* Requirement *
Line by line, retype the material exactly and leave each picture out.

* Input data *
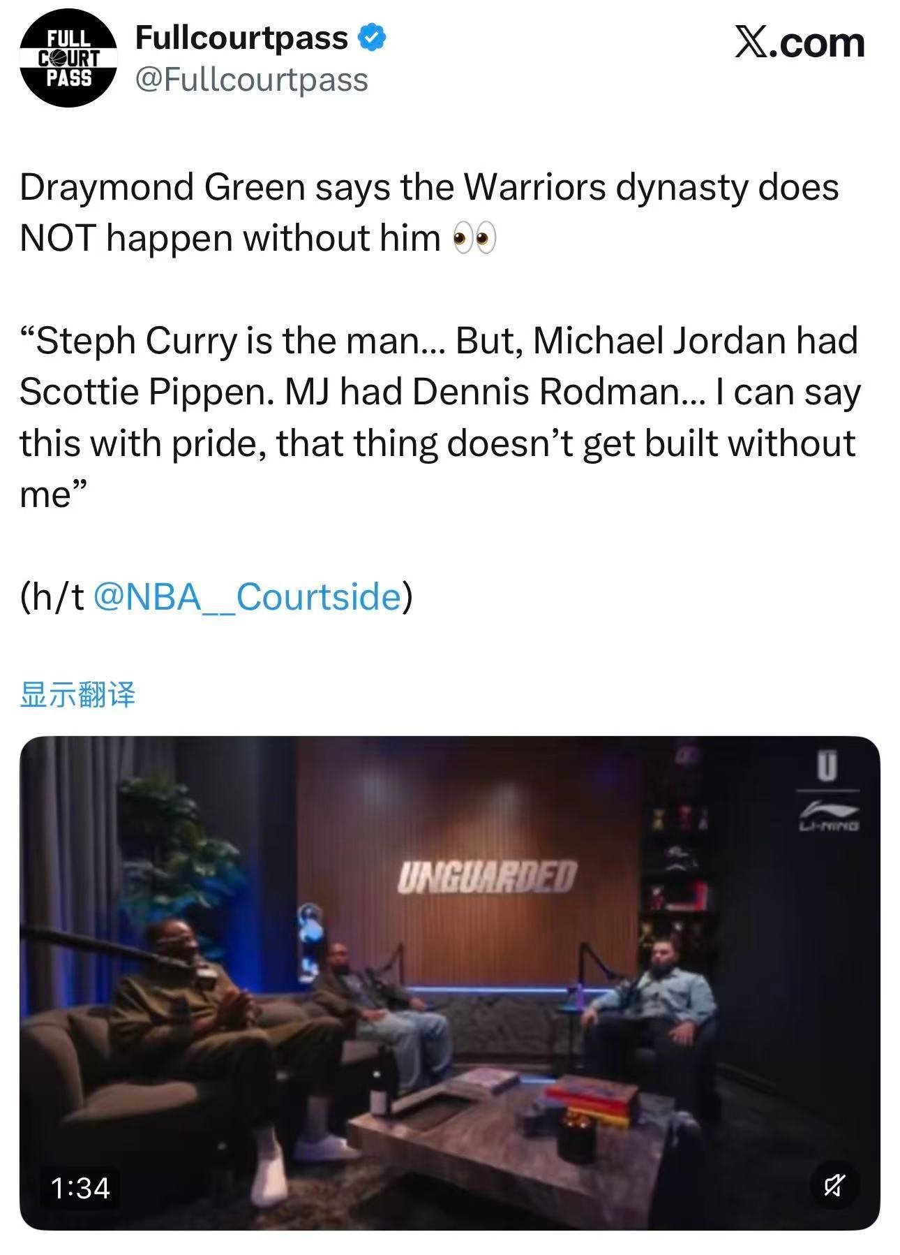 “库里是球队的灵魂,但乔丹有皮蓬,有罗德曼,我可以很自豪的说,没有我,就不会有勇士的辉煌。”
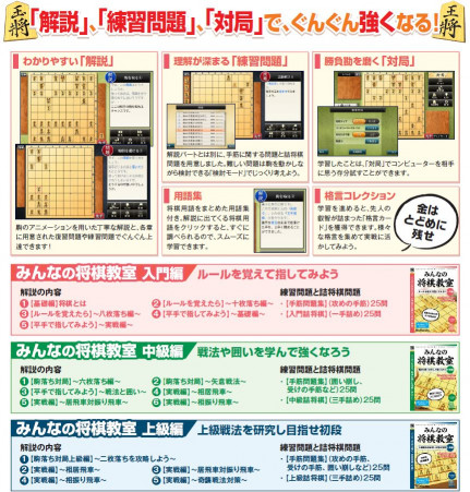 駒の動かし方から対局まで、楽しく覚えて将棋を指せるようになる。
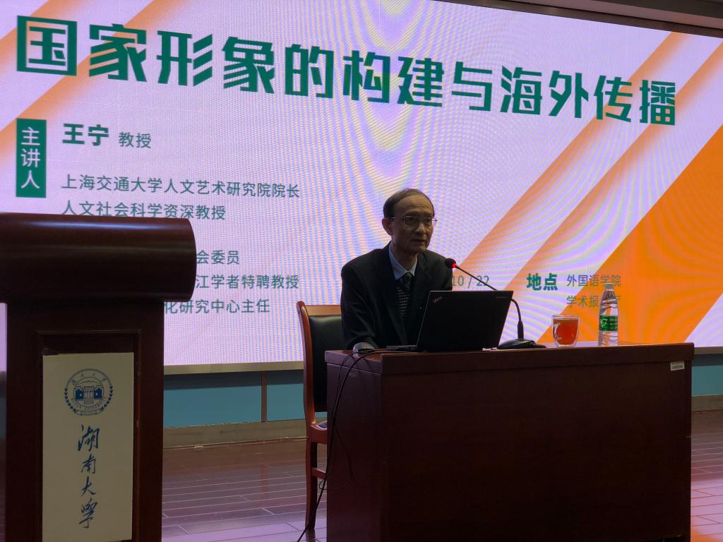 2018年10月22日上午,王宁教授在华体会官方网页版学术报告厅做了关于“国家形象的构建与海外传播”的学术讲座,讲座由刘正光院长主持。
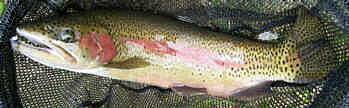 50cmを軽く超えたニジマスはゴツイ顔つきだが、尾びれはピンとしていてなかなか美しい魚だった。口先に点のように
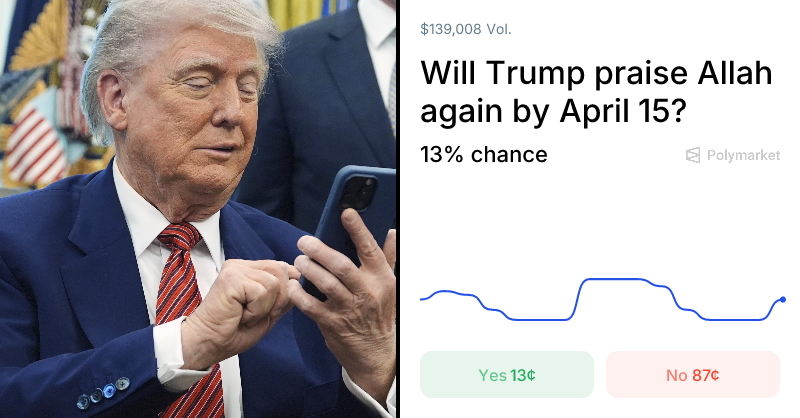 arrow-up1130arrow-down1external-linkPolymarket bet: Will Trump praise Allah again by April 15?polymarket.com8oow3291d@feddit.dk to Lemmy Shitpost@lemmy.world · 6 hours agomessage-square12fedilinkfile-text
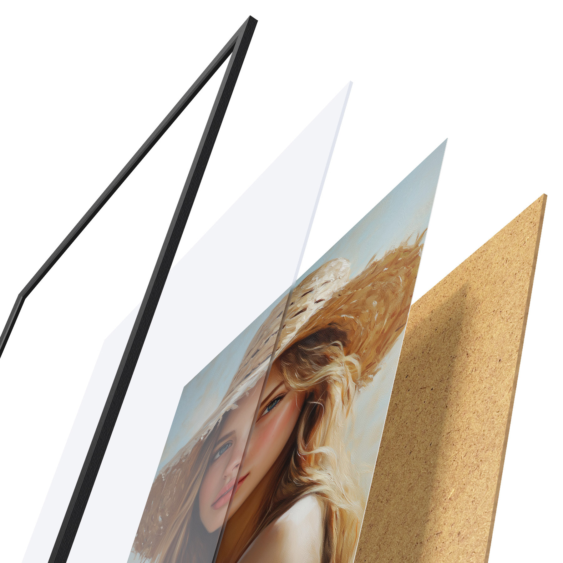 Plakatą sudaro rėmas, pleksiklas, atspausdintas vaizdas ir medžio drožlių plokštės pagrindas. Plakatą galima iš karto pakabinti ant sienos dėl kitoje pusėje esančių laikiklių.
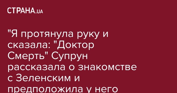 "Расскажу вам один момент, он вам точно понравится. Вы упомянули, как президент меня называл, когда выступал по телевизору - точнее, не назвал, но почти назвал. Когда при знакомстве он протянул руку и сказал: "Владимир Зеленский", я протянула руку и сказала: "Доктор Смерть. Но это смерть советской медицины ". Он посмеялся и сказал: "Ну, нормально", - вспомнила бывшая глава Минздрава.
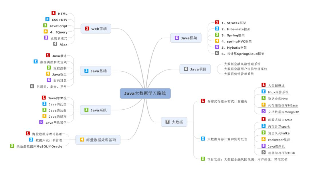 下图是Java大数据学习的线路图,初学者需要按照标注的模块1、2、3、4、5….按顺序学,例如“7”模块即“大数据模块”,其中包括“分布式存储分布式计算相关”和“大数据内存计算”。有人问:我基础好,可不可以越过“web前端模块”?答曰:不可以,除非你以前就系统的学习过。又问:学习web前端何用?答曰:为了最终做数据展现用,下图列出的是作为数据展现的最低要求,当然你的学习可以多于下图列出的内容,但是多年经验告诉你,下图基本是Java大数据性价比最优的体系,有了基础后可到企业边工作边学。为了让大家看清楚该图,我们将附上图片或者您可以放大观看:想系统学习大数据的话,可以加入大数据技术学习扣扣君羊:522189307
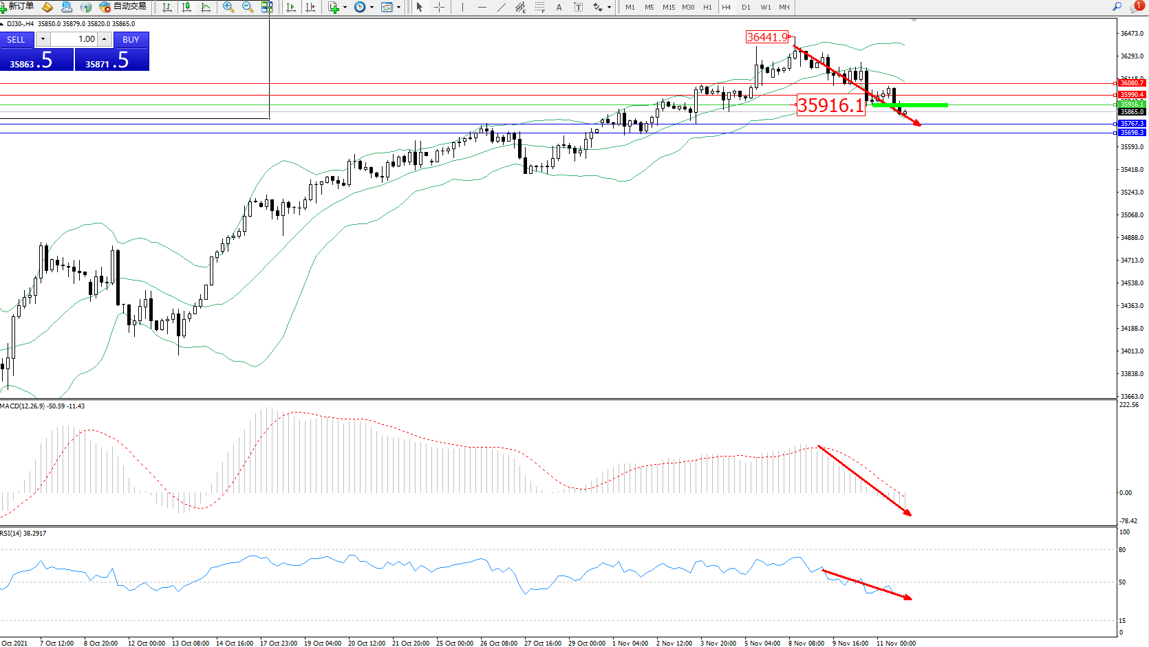 道琼斯指数DJ30——4小时K线图显示:
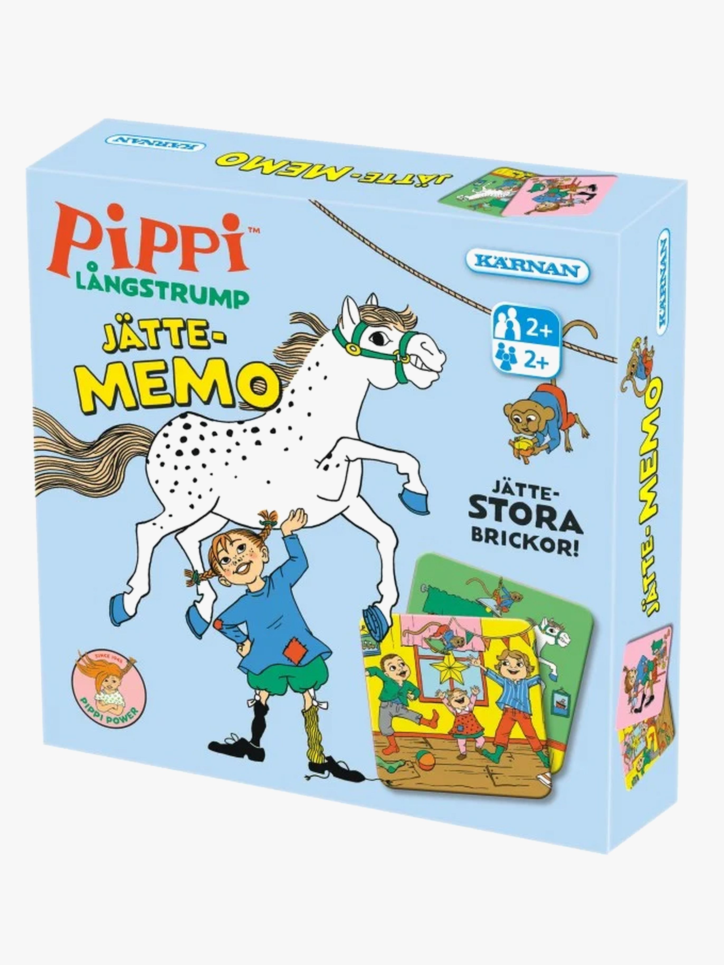 Jättememo från Kärnan med fina bilder från Pippi Långstrump. Memo med jättestora brickor spelar man bäst på golvet. Det är ett spel med enkla och tydliga bilder som passar den yngsta spelaren. Här får man både röra på sig och träna minnet, bildsinnet och lära sig att vänta på sin tur. Både roligt och lärorikt! - Jättestora brickor. - Klassiska spelregler. - Perfekt för många roliga spelstunder. - CE-märkt. - Rekommenderad ålder: Från 2 år. - Kartong.
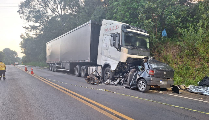 Acidente ocorreu na madrugada desta terça-feira, 23 de dezembro - Foto: Reprodução Um grave acidente de trânsito resultou na morte de um jovem na madrugada desta terça-feira, 23 de dezembro, na rodovia SC-355, em Fraiburgo. A colisão envolveu um carro de passeio e um caminhão carreta, e a vítima morreu ainda no local.

* Final answer *
 “库里是球队的灵魂,但乔丹有皮蓬,有罗德曼,我可以很自豪的说,没有我,就不会有勇士的辉煌。”
 駒の動かし方から対局まで、楽しく覚えて将棋を指せるようになる。
 2018年10月22日上午,王宁教授在华体会官方网页版学术报告厅做了关于“国家形象的构建与海外传播”的学术讲座,讲座由刘正光院长主持。
 50cmを軽く超えたニジマスはゴツイ顔つきだが、尾びれはピンとしていてなかなか美しい魚だった。口先に点のように
 arrow-up1130arrow-down1external-linkPolymarket bet: Will Trump praise Allah again by April 15?polymarket.com8oow3291d@feddit.dk to Lemmy Shitpost@lemmy.world · 6 hours agomessage-square12fedilinkfile-text
 Plakatą sudaro rėmas, pleksiklas, atspausdintas vaizdas ir medžio drožlių plokštės pagrindas. Plakatą galima iš karto pakabinti ant sienos dėl kitoje pusėje esančių laikiklių.
 "Расскажу вам один момент, он вам точно понравится. Вы упомянули, как президент меня называл, когда выступал по телевизору - точнее, не назвал, но почти назвал. Когда при знакомстве он протянул руку и сказал: "Владимир Зеленский", я протянула руку и сказала: "Доктор Смерть. Но это смерть советской медицины ". Он посмеялся и сказал: "Ну, нормально", - вспомнила бывшая глава Минздрава.
 下图是Java大数据学习的线路图,初学者需要按照标注的模块1、2、3、4、5….按顺序学,例如“7”模块即“大数据模块”,其中包括“分布式存储分布式计算相关”和“大数据内存计算”。有人问:我基础好,可不可以越过“web前端模块”?答曰:不可以,除非你以前就系统的学习过。又问:学习web前端何用?答曰:为了最终做数据展现用,下图列出的是作为数据展现的最低要求,当然你的学习可以多于下图列出的内容,但是多年经验告诉你,下图基本是Java大数据性价比最优的体系,有了基础后可到企业边工作边学。为了让大家看清楚该图,我们将附上图片或者您可以放大观看:想系统学习大数据的话,可以加入大数据技术学习扣扣君羊:522189307
 道琼斯指数DJ30——4小时K线图显示:
 Jättememo från Kärnan med fina bilder från Pippi Långstrump. Memo med jättestora brickor spelar man bäst på golvet. Det är ett spel med enkla och tydliga bilder som passar den yngsta spelaren. Här får man både röra på sig och träna minnet, bildsinnet och lära sig att vänta på sin tur. Både roligt och lärorikt! - Jättestora brickor. - Klassiska spelregler. - Perfekt för många roliga spelstunder. - CE-märkt. - Rekommenderad ålder: Från 2 år. - Kartong.
 Acidente ocorreu na madrugada desta terça-feira, 23 de dezembro - Foto: Reprodução Um grave acidente de trânsito resultou na morte de um jovem na madrugada desta terça-feira, 23 de dezembro, na rodovia SC-355, em Fraiburgo. A colisão envolveu um carro de passeio e um caminhão carreta, e a vítima morreu ainda no local.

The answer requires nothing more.